When you use software or hardware that you didn’t invent yourself you have to budget time to keep up with that vendor. If you are an IT manager you need to make sure that you have budgeted time and money for your staff to keep up, and that they are keeping up. From time to time vendors change their documentation, especially best practices documents. They don’t tell you when things change and unless you are looking for the changes you won’t see them.
I’ve been caught by this a number of times. Recently I helped with an effort to resolve some storage problems we were having, and in the process discovered some discrepancies between our procedures and what the vendor recommends. The problem originally was poor I/O performance on our VMware servers. During the course of figuring out what the problem is we ended up retrieving the best practices and general “how to connect a host” documents from our vendors to double-check things. As it turns out, things changed as the software on the arrays changed, and our procedures and knowledge actually weren’t up to date.

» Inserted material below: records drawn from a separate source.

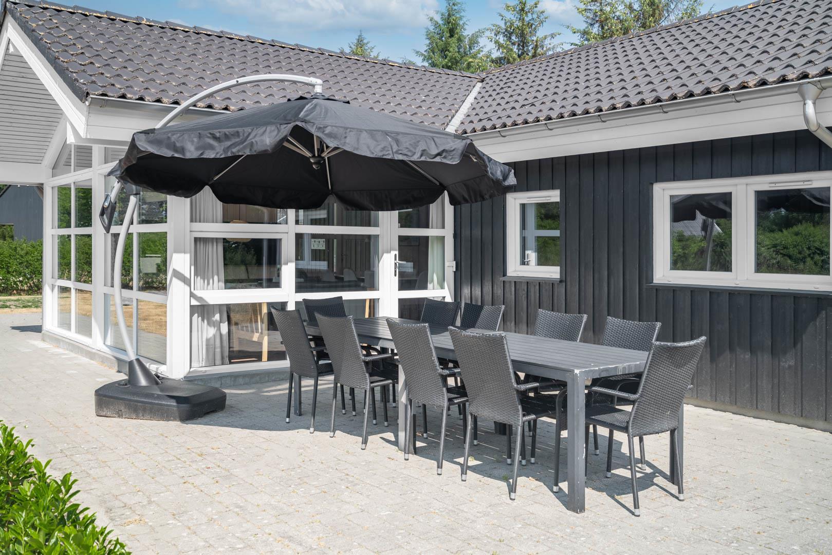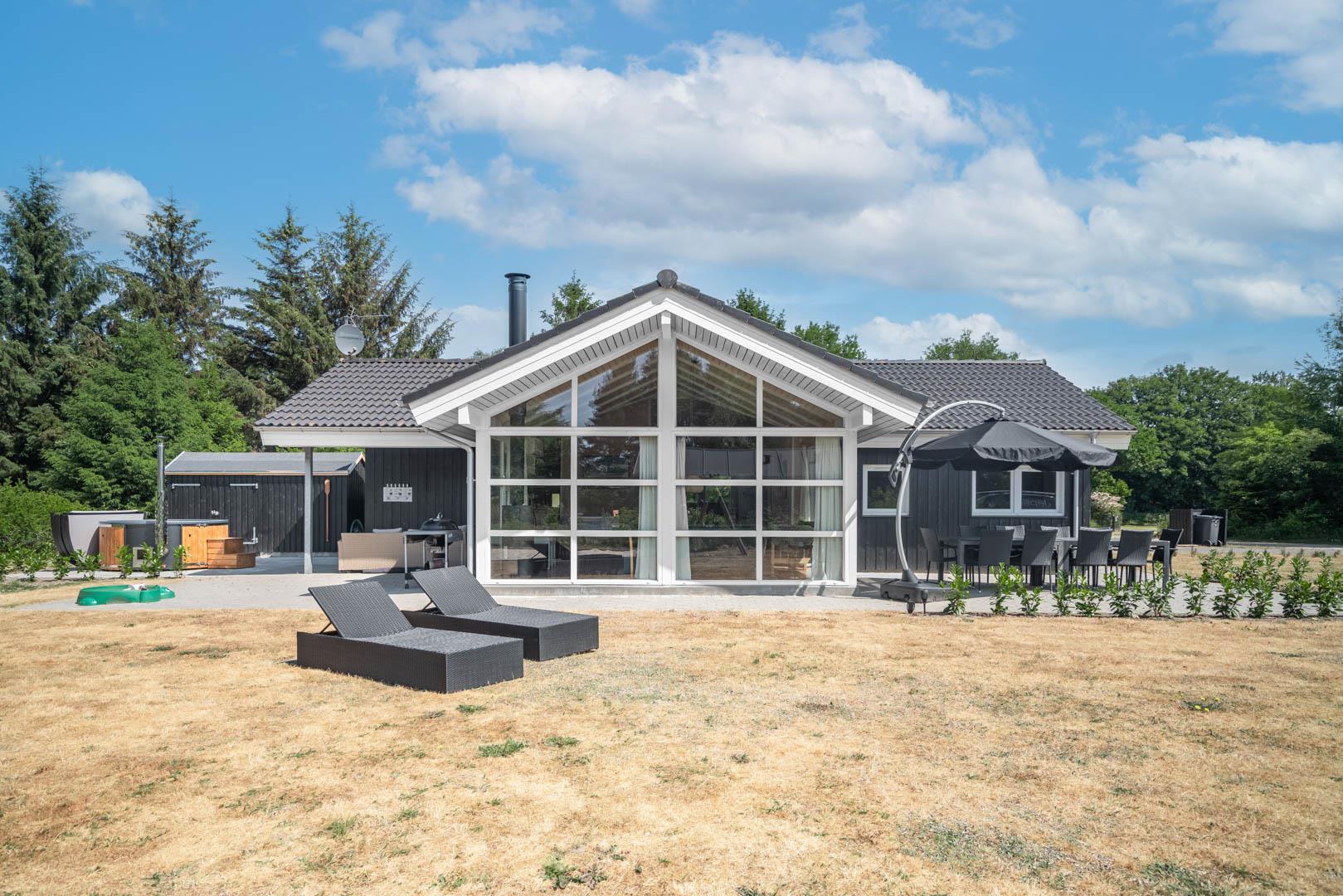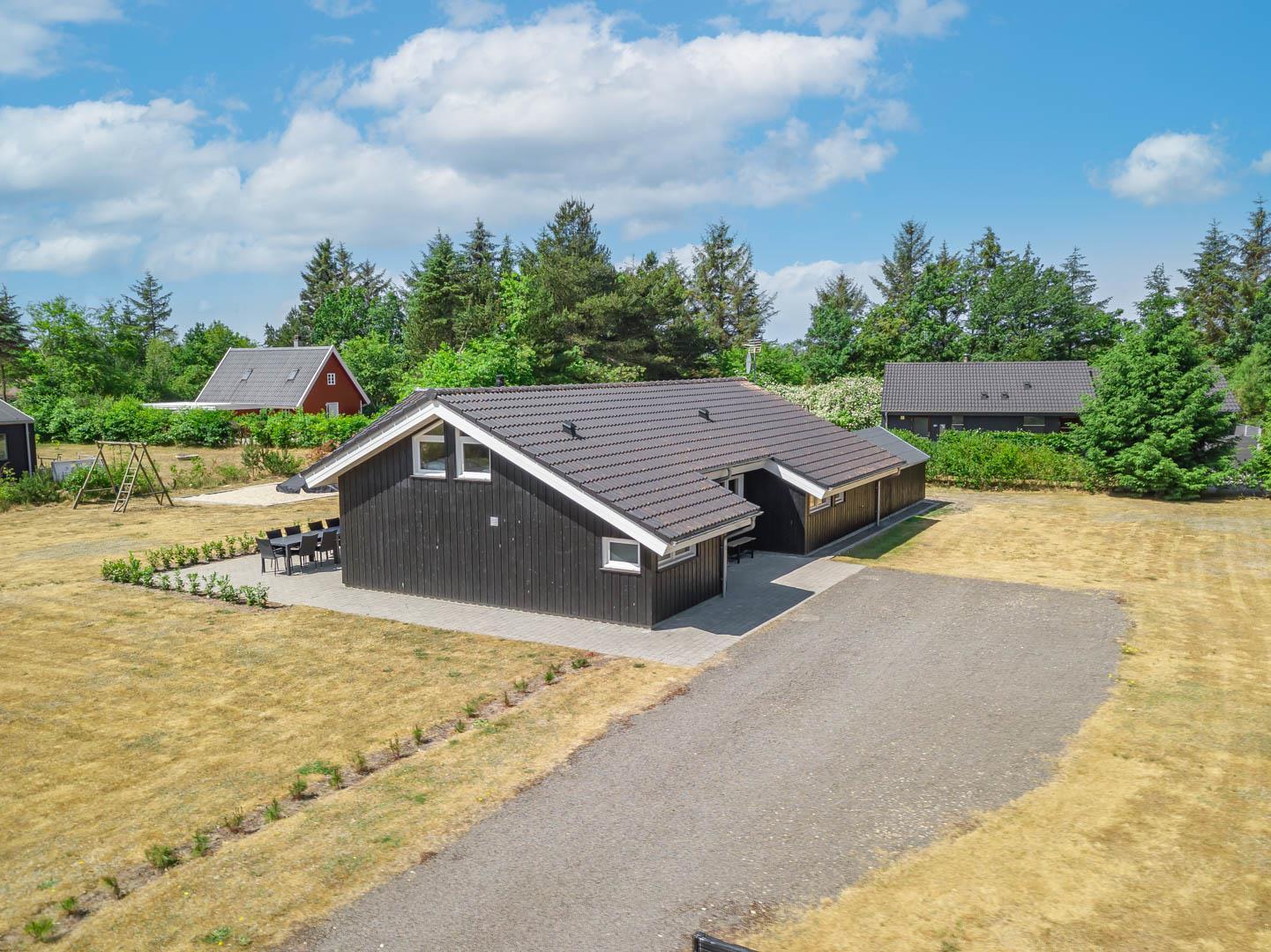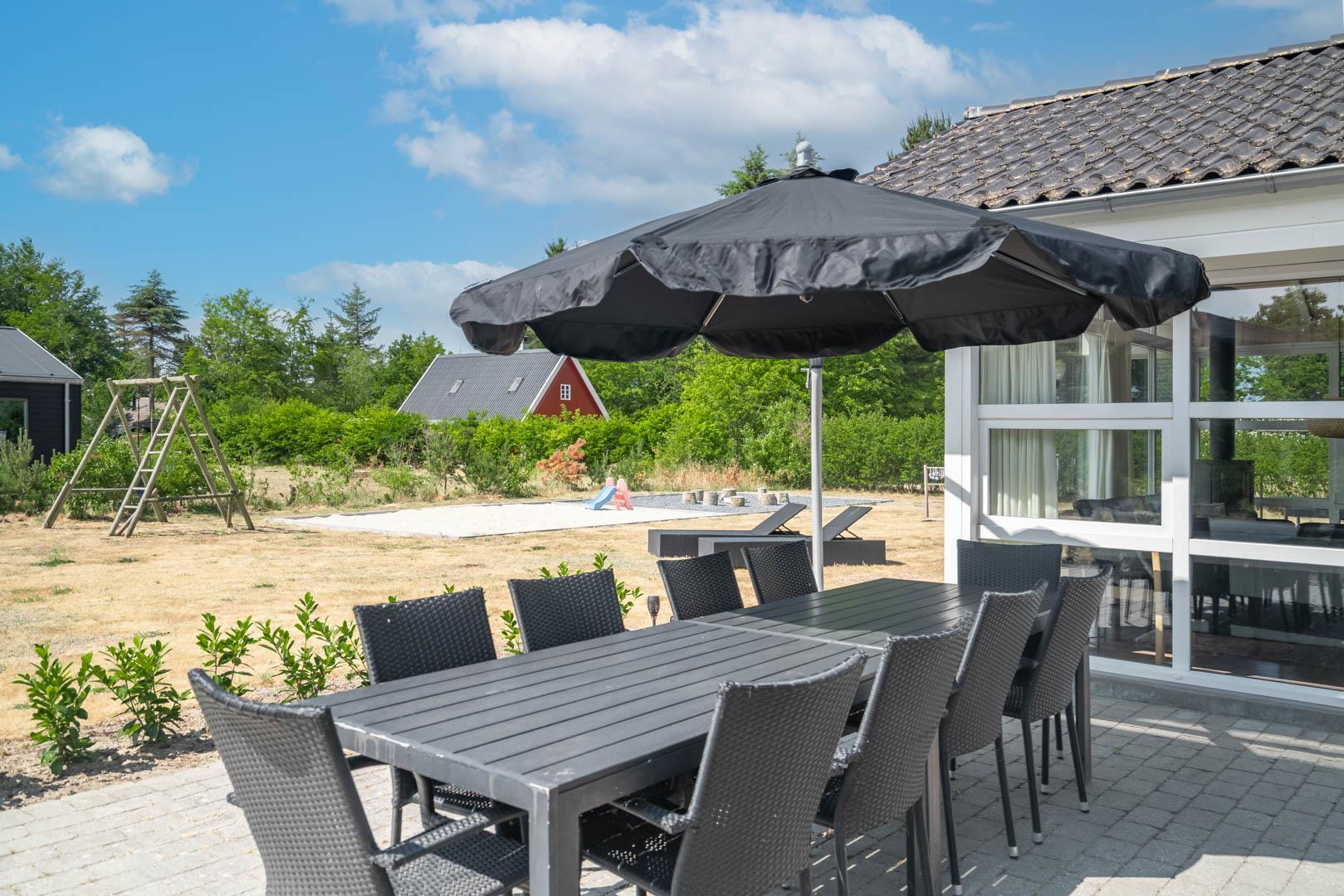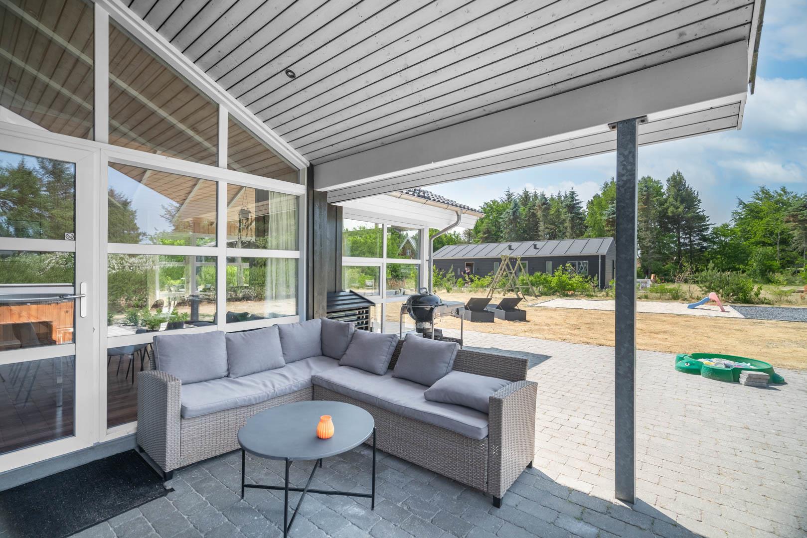 Udendørs venter en fredelig grund, hvor hele familien kan nyde ferien i rolige omgivelser. Den store, overdækkede terrasse danner rammen om både morgenkaffe i den friske luft og lange sommeraftener med grill og hyggeligt samvær – uanset vejret.
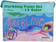 Творческият комплект "Създай сам - Мрамони картини" от "Jarmelo" е подходящ за малки и големи творци. Той съдържа безопасни за децата 12 разноцветни бои, шишенце с вълшебен прах, 10 картонени шаблона за рисуване, тавичка, инструменти и инструкции. Начинът, по който се рисува с мраморните бои, е лесен и забавен. Изсипете вълшебния прах в тавичката заедно с вода. Разбъркайте добре, след което капнете по избор от цветните бои. С помощта на сламките, включени в комплекта, създайте шарки и различни фигури по ваш вкус. Поставете парче хартия върху повърхността на съда и пренесете творението върху нея. След ... |
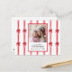 Lovely pink and red Christmas bows and long, dangly ribbons decorate this holiday postcard. They are very cute and even a bit girly. They have a vintage watercolor origin but have a modern appeal. This card accepts your square personal photo and it will look delightful. The salutation is "A Very Merry Christmas". Be sure to edit the "from" script on the front with your own names. On the back of the postcard, the paragraph is only an example and meant to be replaced with your own words, as are the family names and year. We have left room for your return address label at the top. If you do not want words on this side of the postcard, just delete the entries.
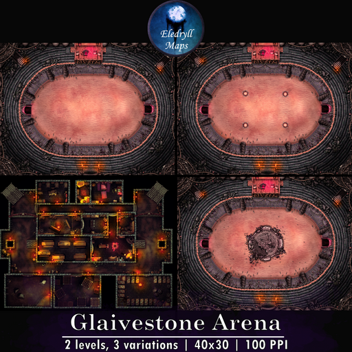 This arena was found in the cyclopean ruins of a structure which purpose was lost long ago. It was reclaimed in a distant past by knights to train their esquires and newer members before sending them to the furious battlefields. The ruin got its name from a giant glaive made of sculpted stone the knights found embedded in a rock in the middle of the arena, hence the name "Glaivestone". The order fell decades later and the glaive - just as the arena it gave its name to - were forgotten. In its more recent history, the arena was taken by a bandit troupe known as the Bloodhounds. Now, the bandits' lords organize battles for coin and joy in its bloodied pits. Fight in the stinking sands of Glaivestone and earn your freedom from the bandits' lords !
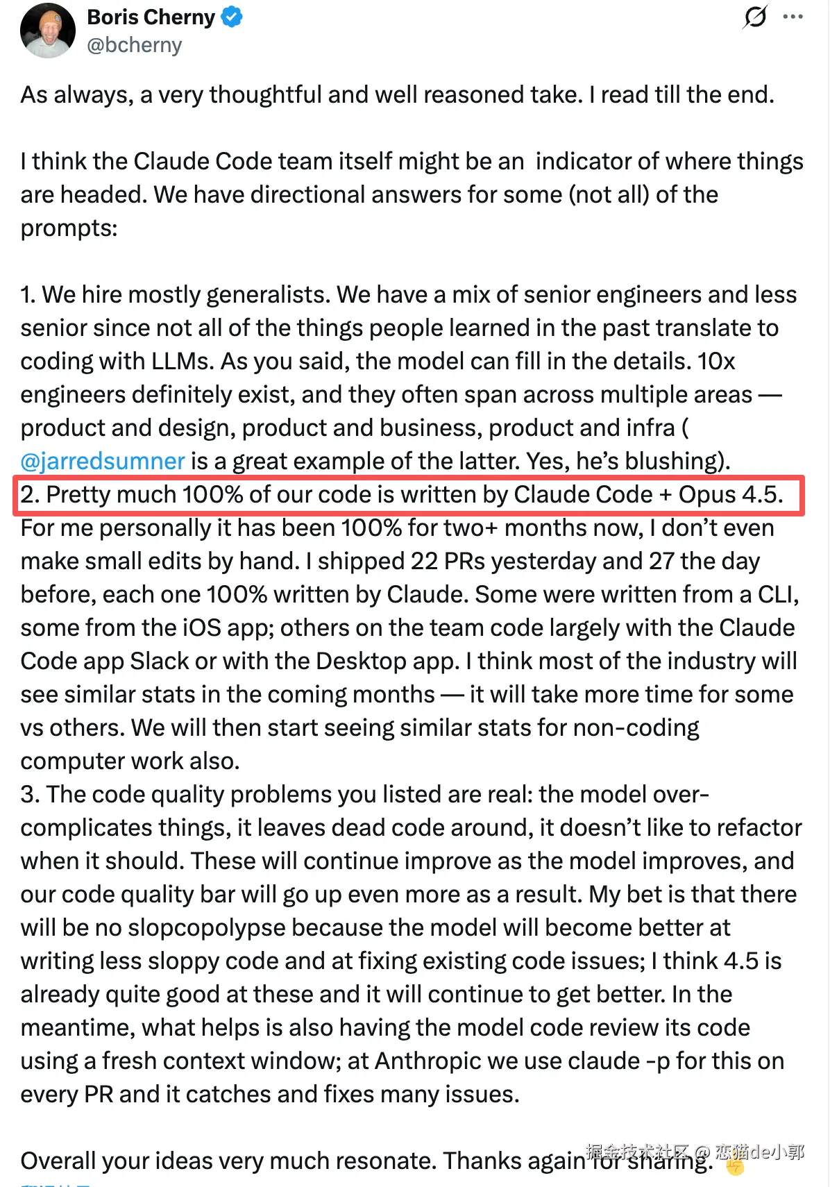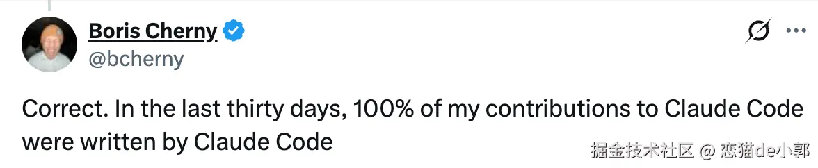 事情的起因来自 Anthropic 的创始人 Boris Cherny 这段时间活跃的动态,它多次在推文明确使用了 “100%” 这个表述来描述 Claude Code 在 Anthropic 内部的实际使用情况,所以也就有了开始的灵魂拷问:
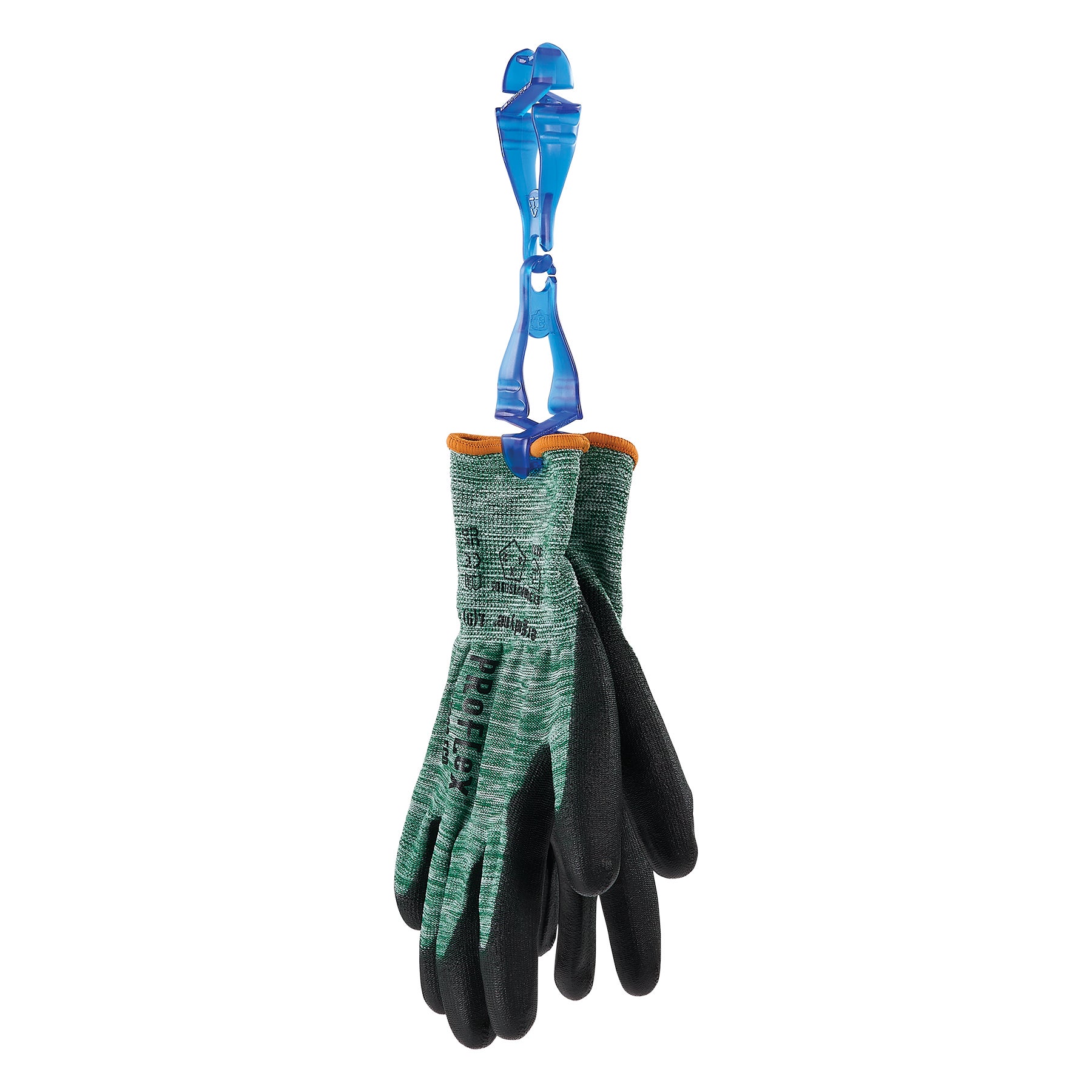 The Squids 3400-ECO Recycled Glove Clip Holder features dual clips—one that attaches to belts or workstations and another that grabs your gear—keeping gloves, ice traction, cooling towels and other items too bulky for pockets close at hand. By keeping gear clipped to the person or workstation, it helps prevent drops, losses and potential injuries caused by foreign objects.

It is sometimes helpful to have a staff member who didn’t do the work originally, or is knowledgeable but normally uninvolved, double-check the accuracy of procedures against what the vendor says. Why? Because they don’t have any preconceived ideas about what the results will be. In the case of the storage problems I was one of the guys to originally implement the storage systems, but have since moved on to other things. When I came back to them I had a fresh view of things.
There are two tricks with procedural reviews. First, you cannot make it an inquisition. If discrepancies are found, assess the impact, fix the problems and the procedures, and move on. Don’t ask how this mistake happened, ask how the team can catch these needed procedural changes faster. If you find a huge problem then there will be questions, but the point of the review is to catch the mistakes. It worked — move on. It isn’t about blame.
The second trick is to know when to trust your experts. If your experts say everything is cool, do you trust them? Or rather, do you trust their biases, and their egos? Techs often suffer from the “Of course it’s accurate — I just did it” syndrome. The occassional, yet polite, response of “prove it to me” really gives you an idea of where people stand, and when you need to double check things.
Every system you build, every software package you implement needs constant maintenance. If you don’t keep up with them regularly the effort to catch up all at once later will be overwhelming. Keep up with things and make sure to double check the effort in a non-threatening manner.